Homework 01

Author

Peter Ralph

Published

January 5, 2026

Youth Tobacco Survey

The National Youth Tobacco Survey is a federally-funded survey to assess tobacco usage in youth. It has done this since 1999 using a survey given to middle and high school students across the country with a rather large number of questions. Some of the questions have changed over the years, but they are generally stable. It is a stratified survey - there’s a lot going into the survey design that we won’t get into here.

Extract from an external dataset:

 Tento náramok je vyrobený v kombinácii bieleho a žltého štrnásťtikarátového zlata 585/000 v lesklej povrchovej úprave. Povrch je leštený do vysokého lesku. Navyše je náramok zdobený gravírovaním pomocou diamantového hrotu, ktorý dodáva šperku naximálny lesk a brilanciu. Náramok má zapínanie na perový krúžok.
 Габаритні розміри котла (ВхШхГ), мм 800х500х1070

The raw data from past years until 2019 are available (for now) at this link. The data are not harmonized: to some extent, different formats are available for different years. Your job will be to extract some summary statistics from a few particular years. Which years depends on the first letter of your last name:

A: 1999 and 2000
B-C: 2002 and 2004
D: 2006 and 2009
E-I: 2011 and 2012
J-L: 2013 and 2014
M-P: 2015, 2016, and 2017
Q-Z: 2018 and 2019

You should download the SAS version of the datasets for your years and extract from the datasets the following statistics, for each combination of age and sex, in each year:

n: sample size (i.e., number of students in this combination of age, sex, and year)
p_cig: percent of students who report having ever tried a cigarette
p_vape: percent of students who report having ever tried an e-cigarette
first_age: mean reported age at which students first smoked, of those who have reported smoking
num_cigs: mean number of cigarettes smoked in the past 30 days, of those who have reported smoking
p_will_smoke: percent of students who say they will smoke a cigarette in the next year
p_harmful: percent of students who say that they think the smoke from other people’s cigarettes is harmful to them

You may have missing data for some of these. In particular, please include NAs in the age and sex columns, so that for instance the n column will tell us how many people had missing data for age. (To do this, the dropna argument to groupby may be useful.)

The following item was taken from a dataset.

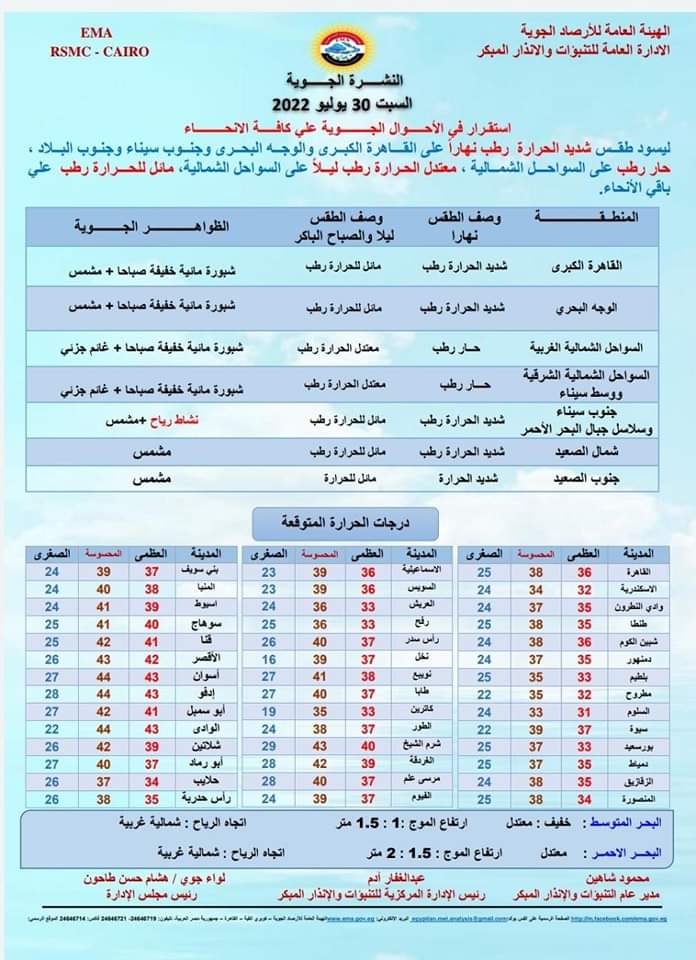 كشفت هيئة الأرصاد الجوية، تفاصيل حالة الطقس اليوم السبت 30 يوليو 2022، حيث يسود طقس شديد الحرارة رطب خلال فترات النهار على القاهرة الكبرى، الوجه البحري، جنوب سيناء وجنوب البلاد.

Assignment: You should upload to Canvas two things:

a csv file with columns for year, age, sex, and the nine variables above
a self-contained ipynb document that briefly describes the data and how you produced the CSV file

The ipynb report should be readable: it should have markdown cells that describe what’s happening, that are formatted in a readable way. The report should contain:

an introduction describing the data: how it was collected, what it was collected for, and where it was downloaded from
a precise description of each of the variables above, and how it was extracted from the dataset
a conclusion giving your thoughts on how well this data describes the quantities we’re trying to measure

Furthermore, the ipynb document should produce the csv file if evaluated in a folder containing the SAS data downloaded from this link. (The ipynb document should not actually download the data.)